Without accounting for variation between the controls of different experiments, conclusions drawn from comparing such experiments have the potential for introducing additional variables and resulting in further errors. Such errors could potentially influence outcomes of the study such as the selection of candidate drug compounds.

Reporting imaging data in absolute, quantitative units lays the foundation for individual researchers and collaborators across the globe to more completely control for experimental variation. This makes imaging experiments reproducible and more easily comparable between different imaging systems, personnel, and laboratories.

Of course, researchers can manually calibrate their current cameras to align reported ADUs with actual incident photons.
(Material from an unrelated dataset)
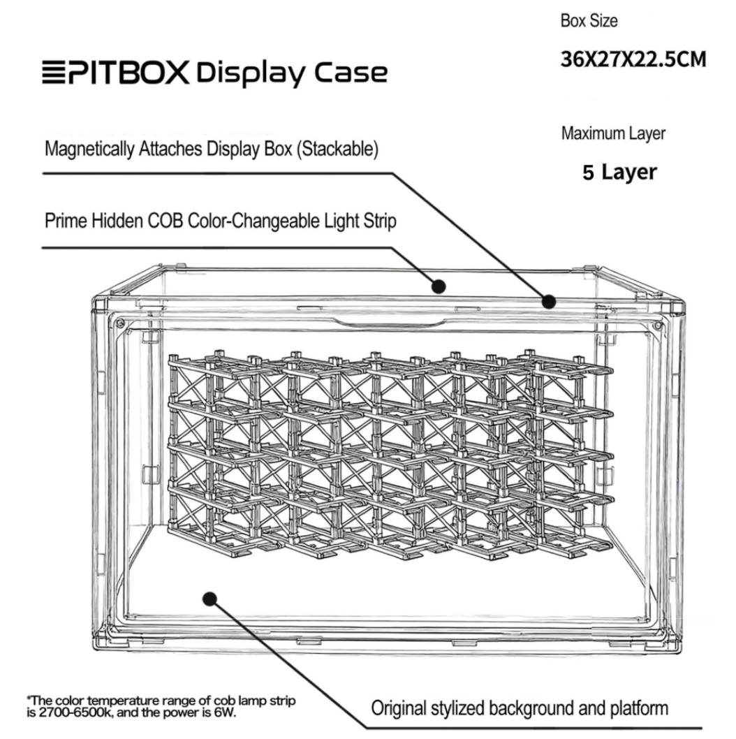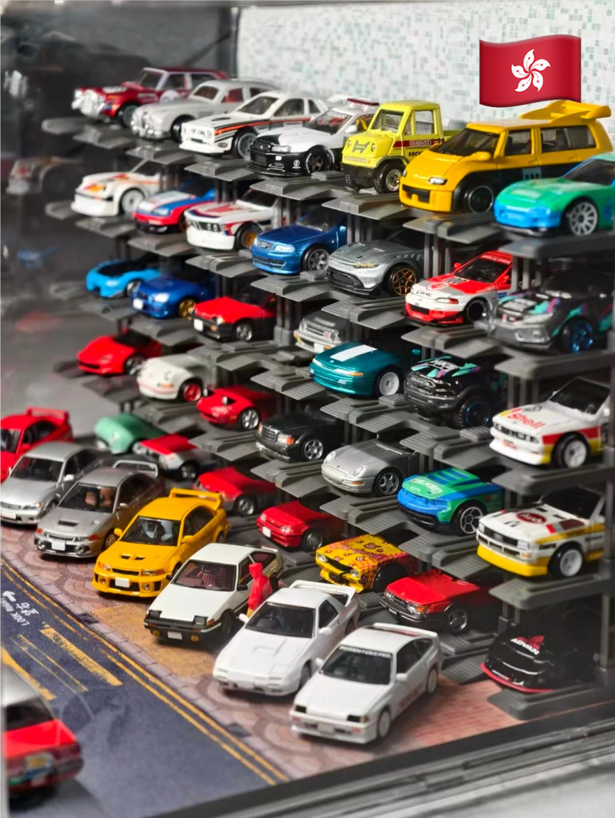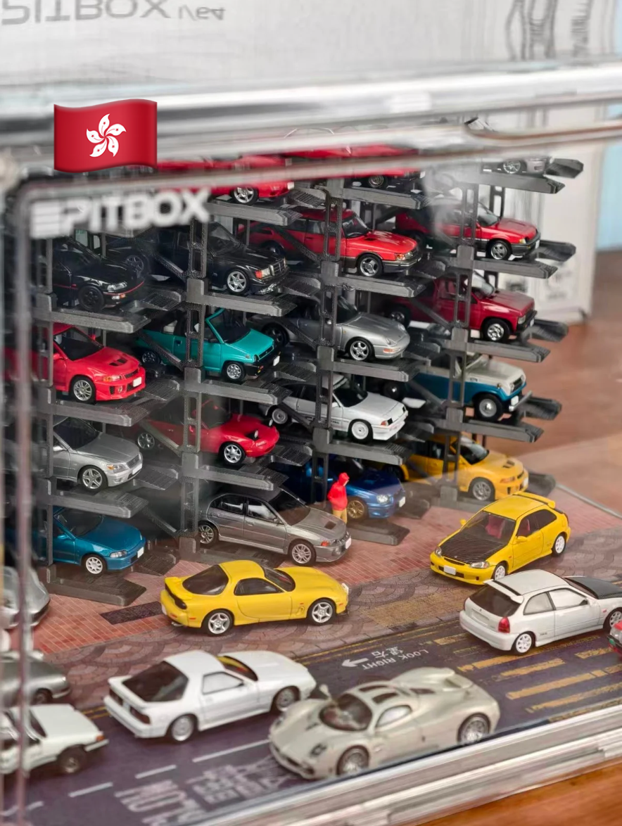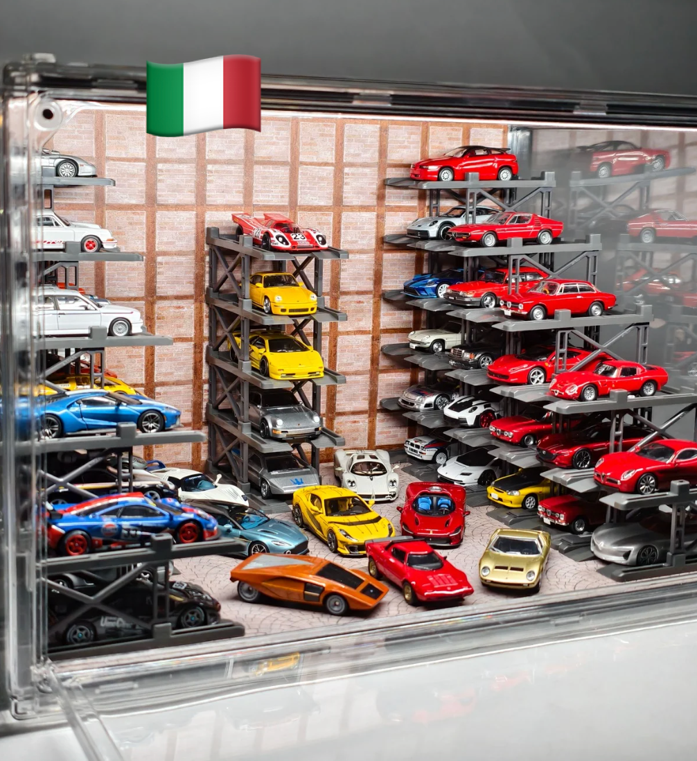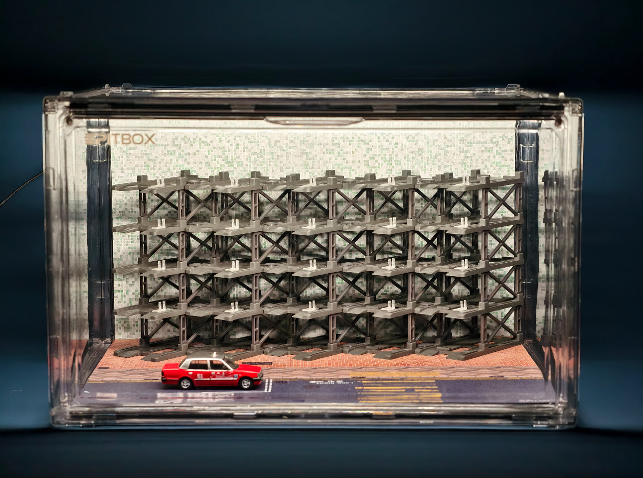 Box contents: Display case (magnetic door), 25 Parking racks, LED strip & power, original stylized background and platform.
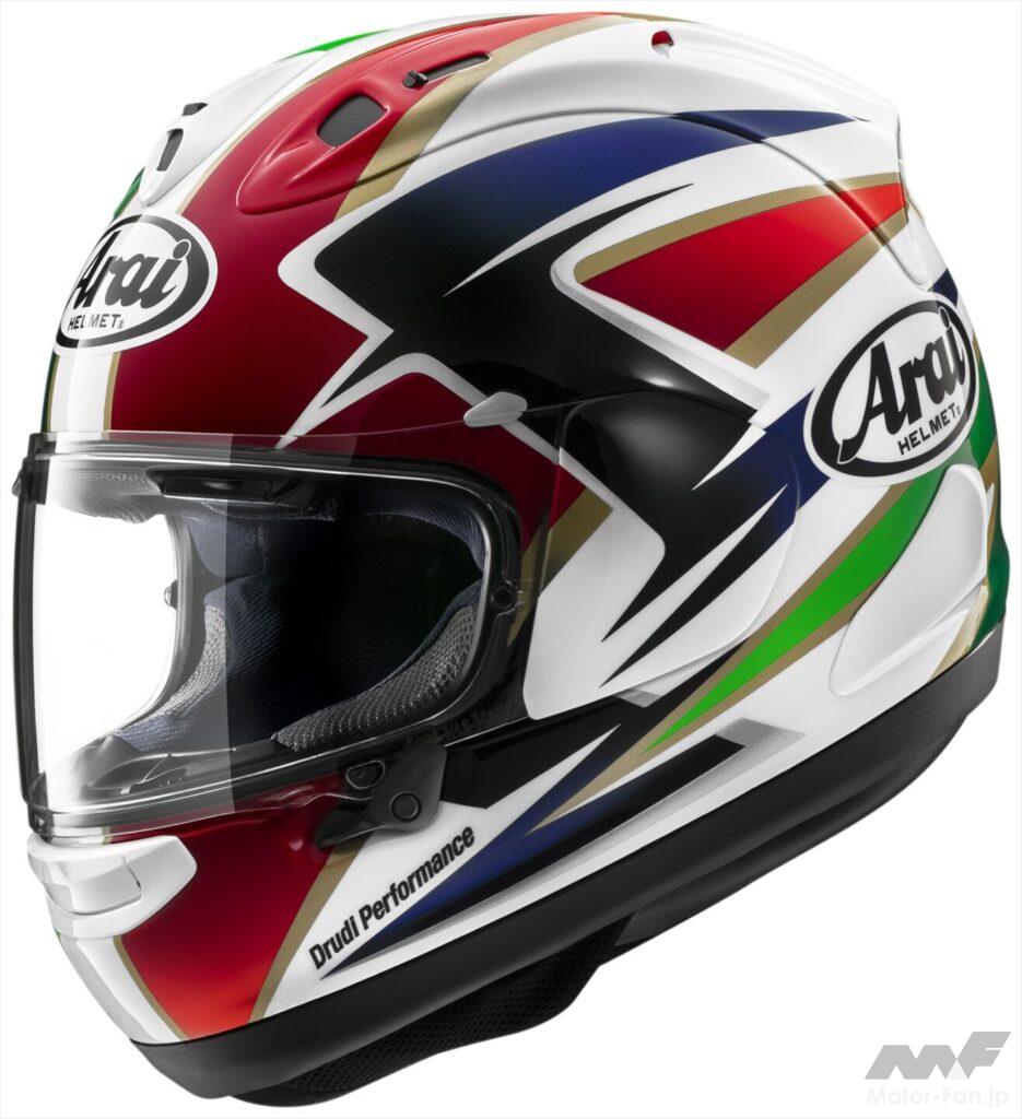 125ccから500ccまで、すべてのクラスで勝利を挙げ、安定感と勝負強さをもつ、クールでいぶし銀な走りが魅力だったカダローラ。母国イタリアをイメージしたカラフルでシャープなデザインは、過去アライからレプリカモデルが販売されていたのは、往年のベテランならご存じのはず。今回の復刻モデルでも、その特徴ある外観はしっかりと受け継がれている。懐かしいブラッシュデザインは、Z900RSのような走りを意識したレトロスポーツモデルのほか、スポーツツアラーに合わせても似合うだろう。

However, the calibration and back-calculation process requires a high level of knowledge, specialized equipment, and staff time. Since the process must be repeated regularly to account for sensor and gain aging of some EMCCD devices, it can be extremely cumbersome for researchers or technicians to keep every microscope camera characterized.

Implementing standards for reporting imaging data, starting with an absolute unit of measurement, will increase the potential for reporting statistically significant results and boost confidence in the reliability of those results.

Photons that hit CCD and EMCCD sensors generate photoelectrons, the fundamental unit of measurement for these devices. The way those photoelectrons are processed into ADUs is done in a variable manner, dependent on the camera electronics and the sensor.

Imaging data reported in photoelectrons, which directly reflects incident photons, would provide an objective unit of measure independent of instrument and researcher or camera-specific processing. A novel re-engineering of camera technology has enabled researchers to use the photoelectron as the standard measurement in imaging experiments without the need for manual characterization, technology expertise, back calculations, constant maintenance, or additional equipment.

Evolve EMCCD cameras from Photometrics perform the necessary characterizations, calibrations, calculations, and real-time measurements to determine the exact conversion factor and bias (offset) values of the camera—allowing it to report measurements in photoelectrons (Figure).

By standardizing the unit of measurement, Photometrics’ technology allows researchers to compare, in absolute terms, images taken at different times and gain settings.

Transitioning fluorescence microscopy from a qualitative to a quantitative technology not only advances academic research, but also enables a pharmaceutical company’s diverse network of researchers and laboratories to maintain data integrity over the duration of the drug development cycle—independent of researcher and equipment turnover.